I never had the opportunity to personally meet, talk or ask Jose to learn what he is up to since I never summoned enough courage to do it. I had the opportunity the other day to do just that but I chickened out; I caved in fearful of approaching a stranger.

I was on my way home and was this close to stopping but was too afraid he would chide me. It just so happened that I was not in position of a camera and so I resorted to snatching his picture from behind with my cell phone  – hurray to technology.

We used to cross paths every day; he would go north and I south but in my car. You see, the very first time I saw Jose, he was out there going in circle, around the neighborhood, in the sun walking patiently in a straight line with perspiration marks carved all over his back; not hurried, striding at his own pace, very focused as if he knew for sure where he was going but just didn’t know when he was going to get there. The measuring stick could not stretch fast enough for him.

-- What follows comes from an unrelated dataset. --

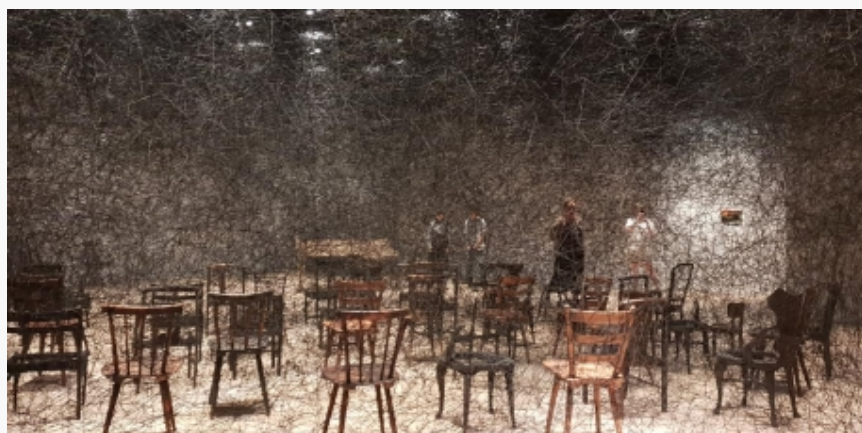
Instalacija Čiharu Šiote u muzeju MORI

zašto njene instalacije inspirišu posetioce na interakciju, fotografisanje, selfi, ali i suočavanje sa sopsvenom duhovnom biografijom. Inače, mreže po kojima će postati poznata, Šiota počinje da plete u sopstvenoj sobi, nakon što se nastani u Nemačkoj, seleći se iz jednog stana u drugi, žudeći za prostorom koji će joj pružiti iluziju sigurnosti i doma.

I have never seen him turning for any car, I have never seen him smiling, I have never seen him with a buddy, I have never seen with a bottle of water; he was just there, one lone man walking by with his three hundred plus pound self and a resolve.

That was yesterday and this is today.

After not seeing him for a month, today Jose is half his size but very determined. He is still strutting along the same corridor, at his own drum. I am pretty sure there will be another break some day as I hope to learn his driving force but for now, I pretend and am content to share his “story”. Real or not, I look forward to authenticate what I know for sure in his own words. What an achievement! Congratulations Jose and keep up the good work. Until we meet again.